- RECORDED DATA
----------------------------------------

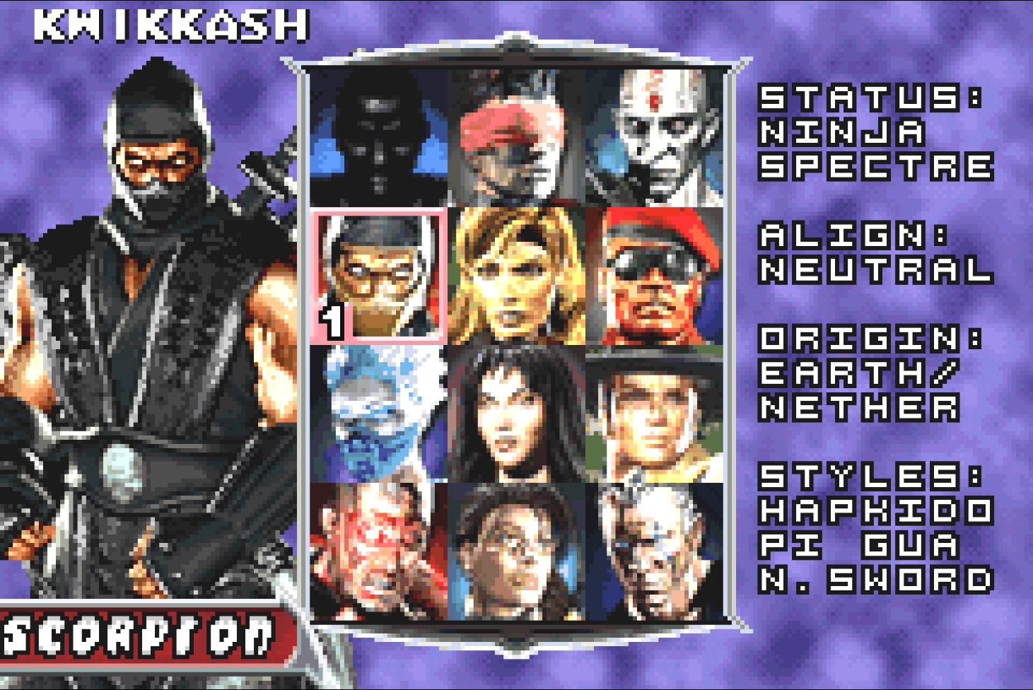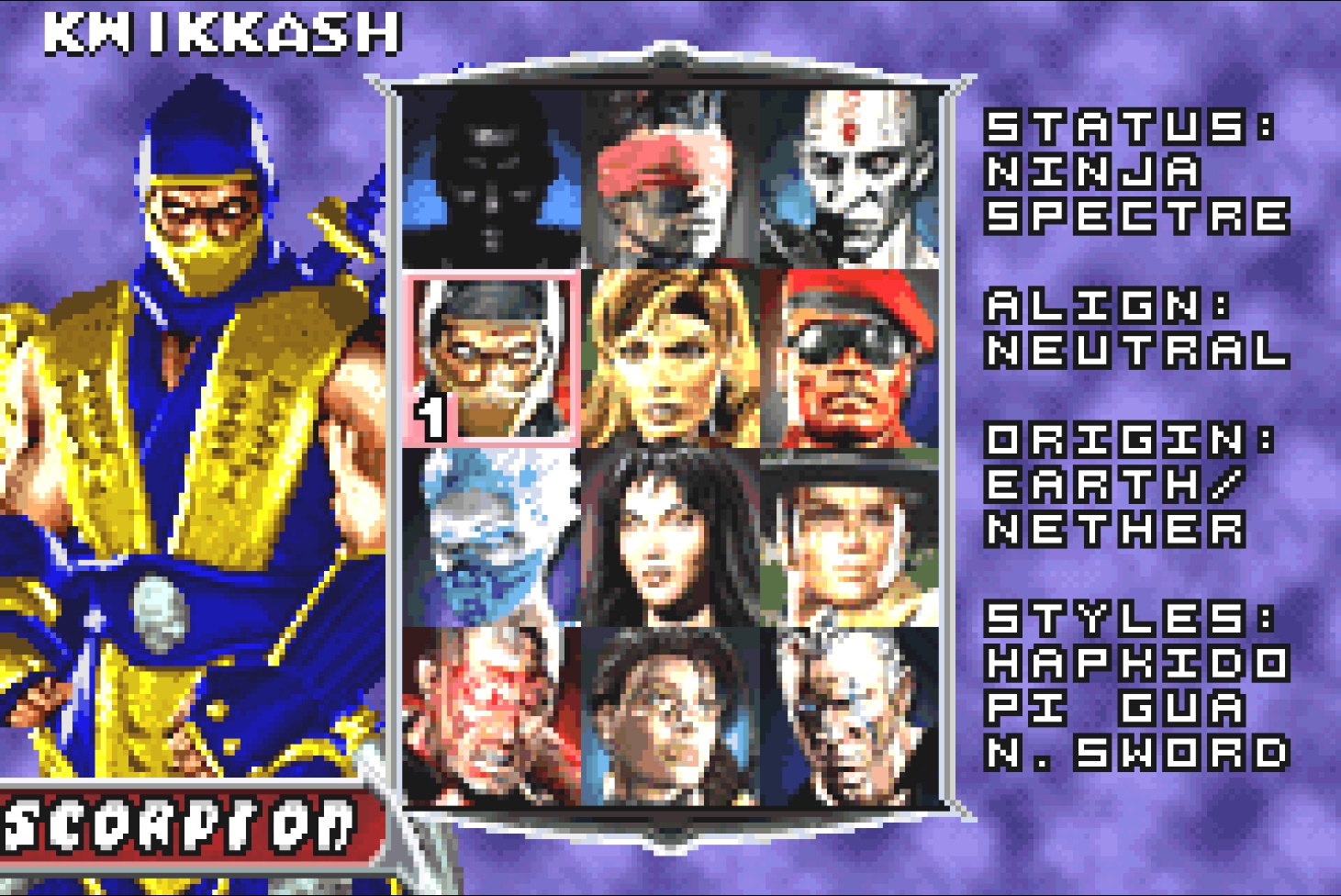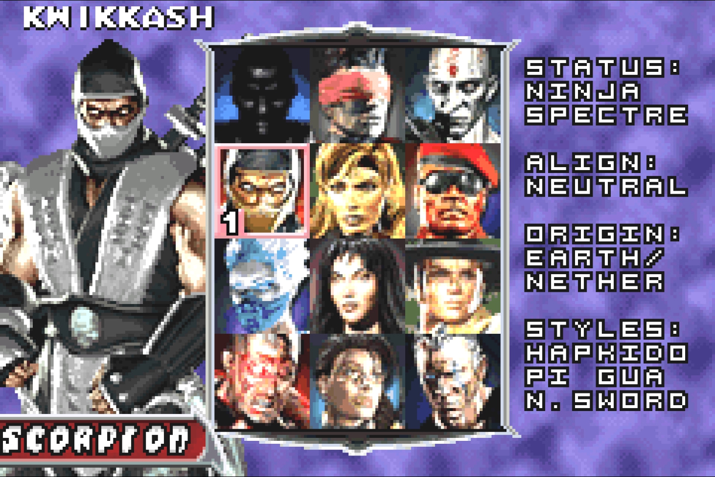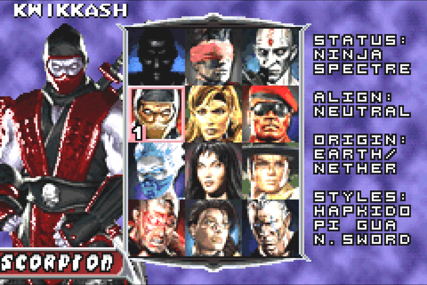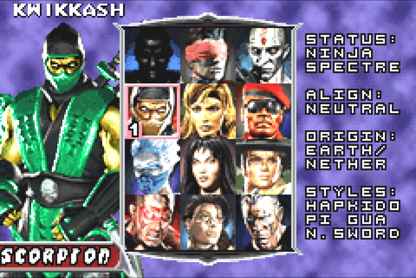 Как и в предыдущем порте, иконки совпадающих с оригинальной игрой персонажами отличаются у: Шан Тсунга (отражена), Кван Чи (отражена), Скорпиона (отражена), Нитары (отражена), Мавадо (отражена), Хсу Хао (другая иконка), Рептилии (отражена) и Драхмина (другая иконка).
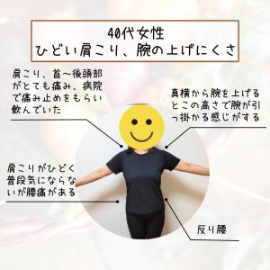肩こりがひどく、チェックしてみると腕は上げられるが途中で引っ掛かったりしてスッと上げられない状態。
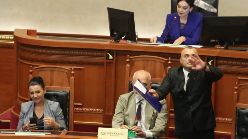 FOTOT/ Garda mbron Ramën nga shishet, Paloka në telefon me këmbët mbi tavolinë! Çfarë nuk u pa nga përplasja në Kuvend

----------------------------------------

- YOUR TASK
Leave out the pictures and return the listing exactly.

- COMPLETED EXERCISE
 Как и в предыдущем порте, иконки совпадающих с оригинальной игрой персонажами отличаются у: Шан Тсунга (отражена), Кван Чи (отражена), Скорпиона (отражена), Нитары (отражена), Мавадо (отражена), Хсу Хао (другая иконка), Рептилии (отражена) и Драхмина (другая иконка).
肩こりがひどく、チェックしてみると腕は上げられるが途中で引っ掛かったりしてスッと上げられない状態。
 FOTOT/ Garda mbron Ramën nga shishet, Paloka në telefon me këmbët mbi tavolinë! Çfarë nuk u pa nga përplasja në Kuvend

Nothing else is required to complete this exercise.